Часть прислуги скончалась и уже сожжена. Другие заражены. Остался только семидесятилетний сторож, что по немощи своей едва волочит ноги, да армянка Ануш, которая теперь и за стряпуху, и за сиделку, и за посудомойку.
Киприан видит их редко. Лишь утром и после захода солнца, когда по извечной сыновней привычке приходит приветствовать мать и прощаться с нею. Безумная его не узнает, как и прежде, глядит сквозь него, мимо. Безостановочно теребит пальцами полы туники. Гудит, кряхтит, мычит что-то понятное только ей самой. А теперь еще и смердит. Сколько ни мыла ее Ануш и со скипидаром, и с лавандовым маслом, и с мылом оливковым, запах невыносимый исчезает всего на несколько часов. И появляется вновь. Сладкий запах гибнущей человеческой плоти. Киприан бы мог превратить мать в сладкоголосую птицу. Или в юную оливу, что проживет не одну сотню лет. Однако рассудка ее вернуть не мог. А это означает, что выродится олива.
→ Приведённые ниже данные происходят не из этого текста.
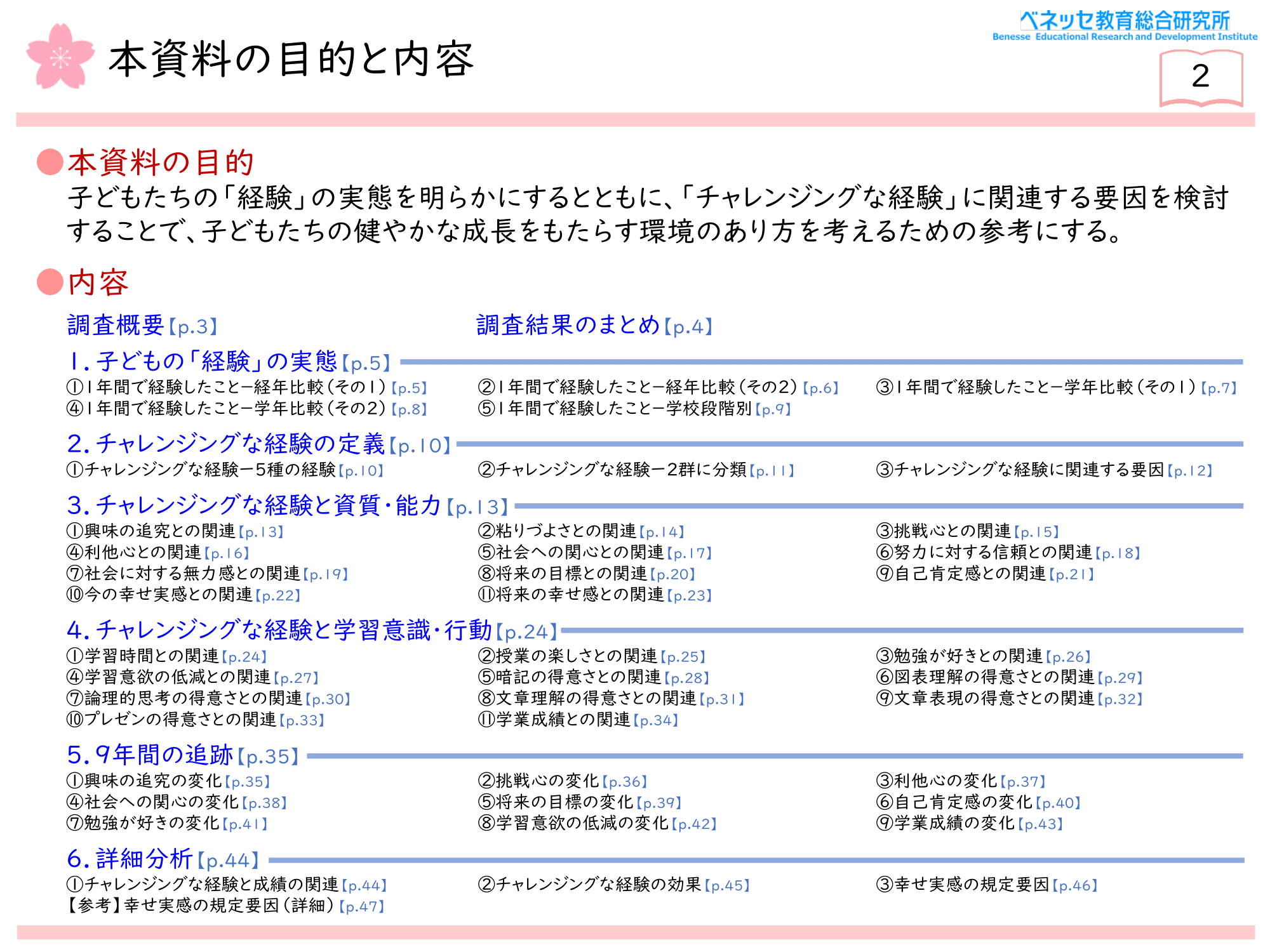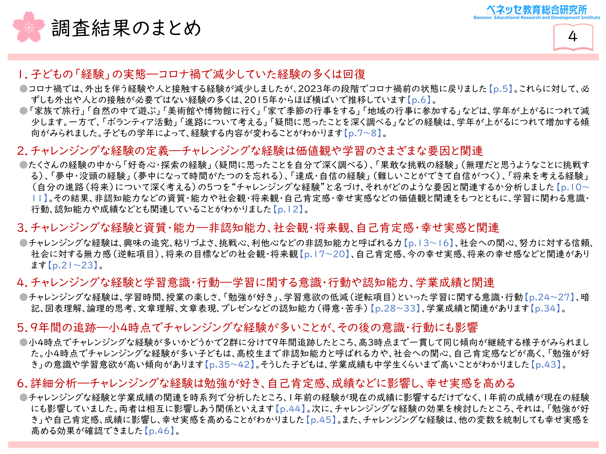 国内外の研究者・実践者のみなさまとともに、子ども・保護者・先生、一人ひとりの成長の仕組みを解明するエビデンスを創出し、人の成長や学びに関連したさまざまな調査研究を行い、その報告書や調査データなどを公開しています。
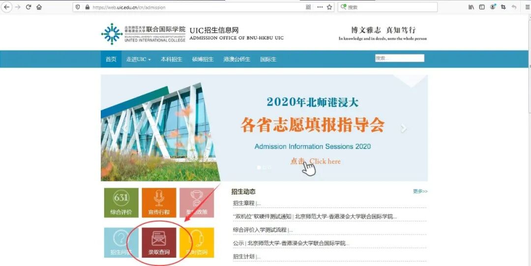 1、电脑浏览器打开北师港浸大招生信息网(http://www.uic.edu.hk/admission)
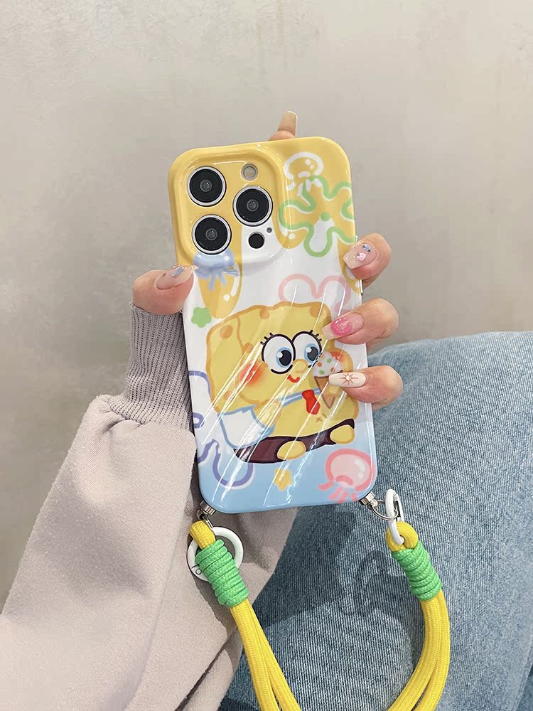 日系趣味可愛卡通動漫適用蘋果iphone14pro手機殼13掛繩手腕12promax超火11小眾高級感max情侶保護套防摔新款
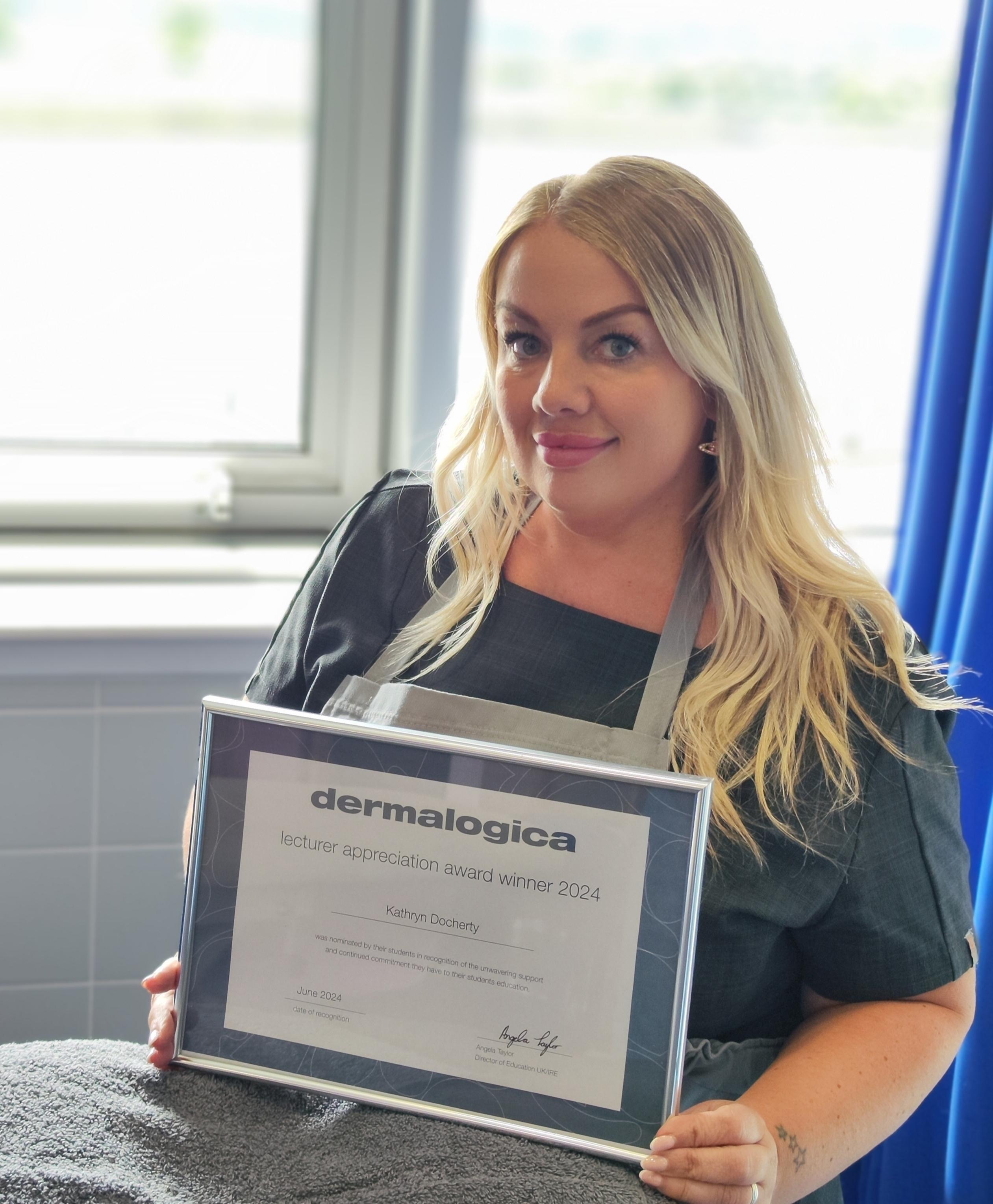 Kathryn has been honoured with the 2024 Dermalogica Lecturer Appreciation Award, a prestigious accolade from the renowned professional skincare brand. This award recognises Kathryn's hard work, dedication, and commitment to delivering outstanding education, reflecting her exceptional contribution to the field.
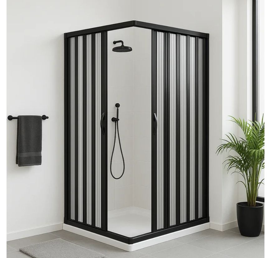 Alternativa econômica e funcional para espaços muito pequenos. Embora seja prático, costuma ter menor durabilidade e vedação inferior ao vidro.
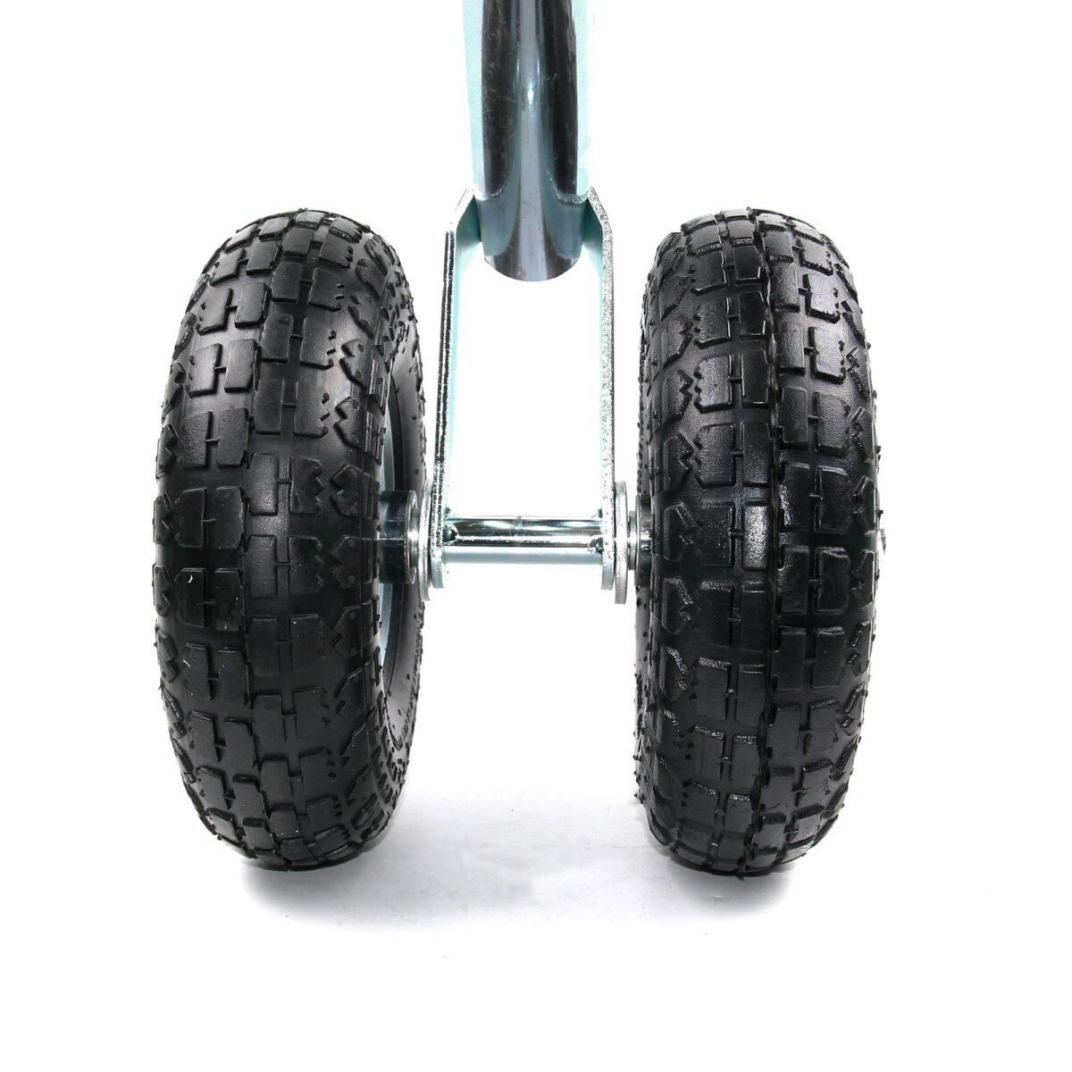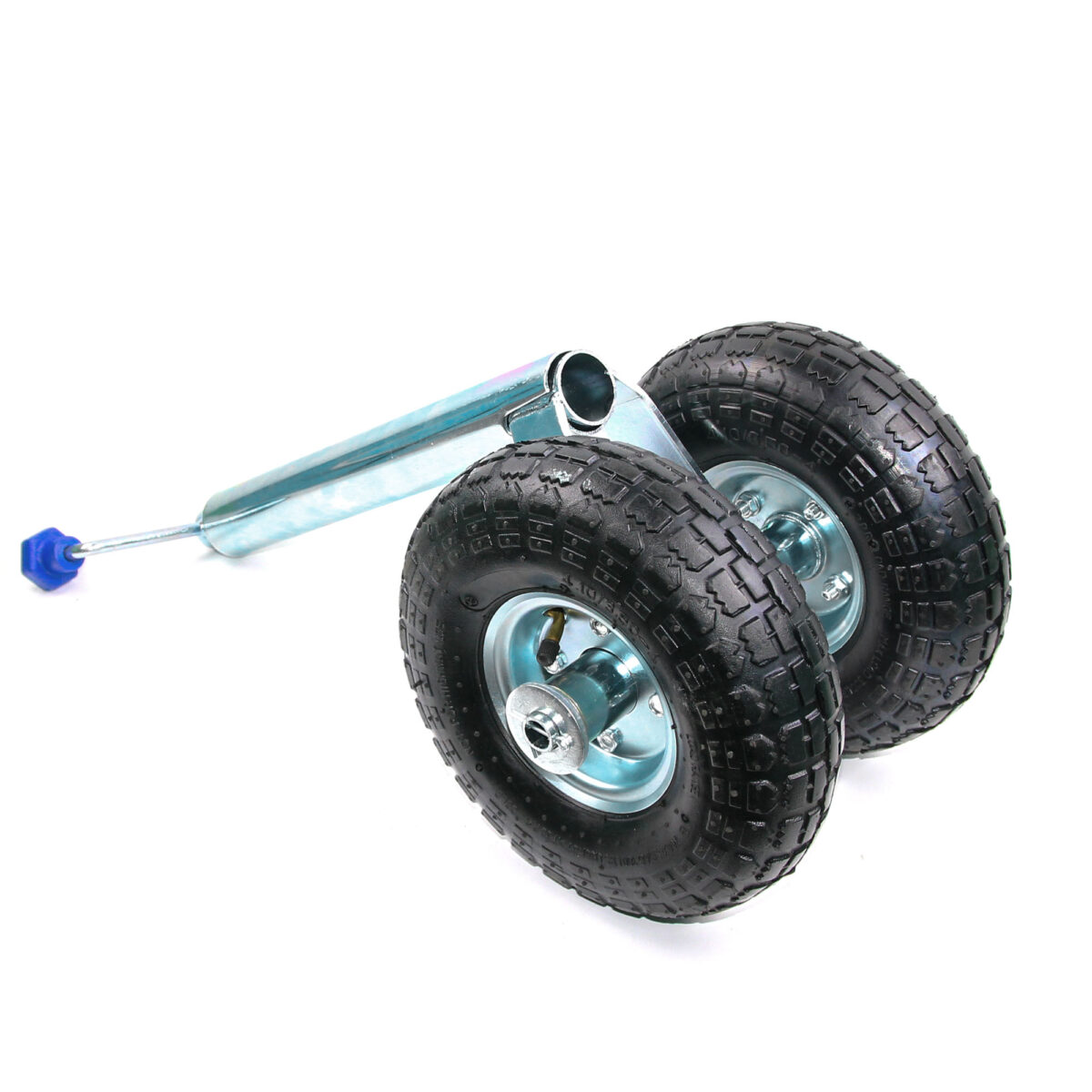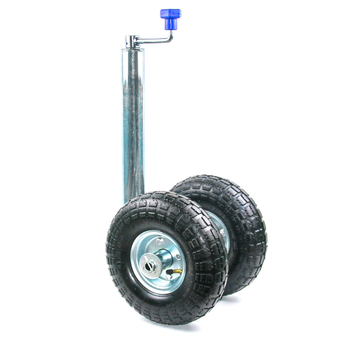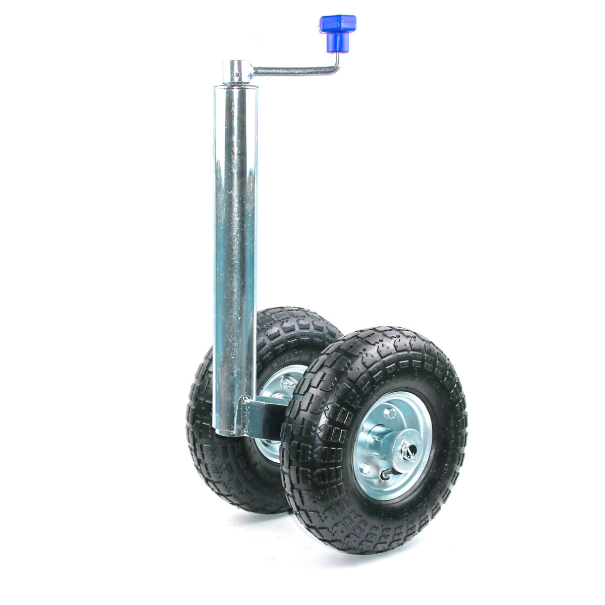 TRAILERCOM PRO. Twin. Двойное колесо с пневмошиной. Статическая нагрузка: 275 кг. Труба: Ø48 мм. Высота 375-615 мм. Колесо: Ø260*85 мм, резина. Высота пластиковой ручки 115 мм (цвет ручки синий).

И птица в безумии ринется к солнцу.
Целыми днями скрывался теперь Киприан в отцовском таблинуме[84]. Здесь и спал, укрываясь верблюжьим одеялом, на скрипучем ложе из фисташкового дерева. Он перечитывал Платона и стоиков, среди которых особенно выделял Хрисиппа и Панетия Родосского с его замечательным трактатом Περὶ τοῦ καθήκοντος[85], наполнившим в свое время живительными соками платонизма школьную реформу империи. Восхитился и неведомым ему прежде учением Филона Александрийского об аллегориях и экзегетике, благодаря которым Септуагинту можно расценивать как источник не только философской, но прежде всего религиозной и Божественной истины. Одну фразу из его трактата Περὶ ἀρετῶνπρῶτον, ὅ ἐστιτῆς πρεσβείας πρὸς Γάϊον[86] он даже выписал на отдельный пергамент, вновь и вновь перечитывая и удивляясь проницательности этого иудея: λέγεται μὴ μόνον ἰατρὸς ἀλλὰ καὶ μάντις ἀγαθὸς Ἀπόλλων εἶναι, χρησμοῖς προλέγων τὰ μέλλοντα πρὸς ὠφέλειαν ἀνθρώπων, ἵνα μή τις ἐπισκιασθεὶς αὐτῶν περὶ τὸ ἄδηλον ἀπροοράτως καθάπερ τυφλὸς τοῖς ἀβουλήτοις ὡς λυσιτελεστάτοις ἐπιτρέχων ἐπεμπίπτῃ, προμαθὼν δὲ τὸ μέλλον ὡς ἤδη παρὸν καὶ βλέπων αὐτὸ τῇ διανοίᾳ οὐχ ἧττον ἢ τὰ ἐν χερσὶν ὀφθαλμοῖς σώματος φυλάττηται, προνοούμενος τοῦ μηδὲν ἀνήκεστον παθεῖν. ἆρα ἄξιον τούτοις ἀντιθεῖναι τὰ παλίμφημα Γαΐου λόγια, δι’ ὧν πενίαι καὶ ἀτιμίαι καὶ φυγαὶ καὶ θάνατοι προεμηνύοντο τοῖς πανταχοῦ τῶν ἐν τέλει καὶ δυνατῶν; τίς οὖν κοινωνία πρὸς Ἀπόλλωνα τῷ μηδὲν οἰκεῖον ἢ συγγενὲς ἐπιτετηδευκότι; πεπαύσθω καὶ ὁ ψευδώνυμος Παιὰν τὸν ἀληθῆ Παιᾶνα μιμούμενος· οὐ γὰρ ὥσπερ τὸ νόμισμα παράκομμα καὶ θεοῦ μορφὴ γίνεται[87].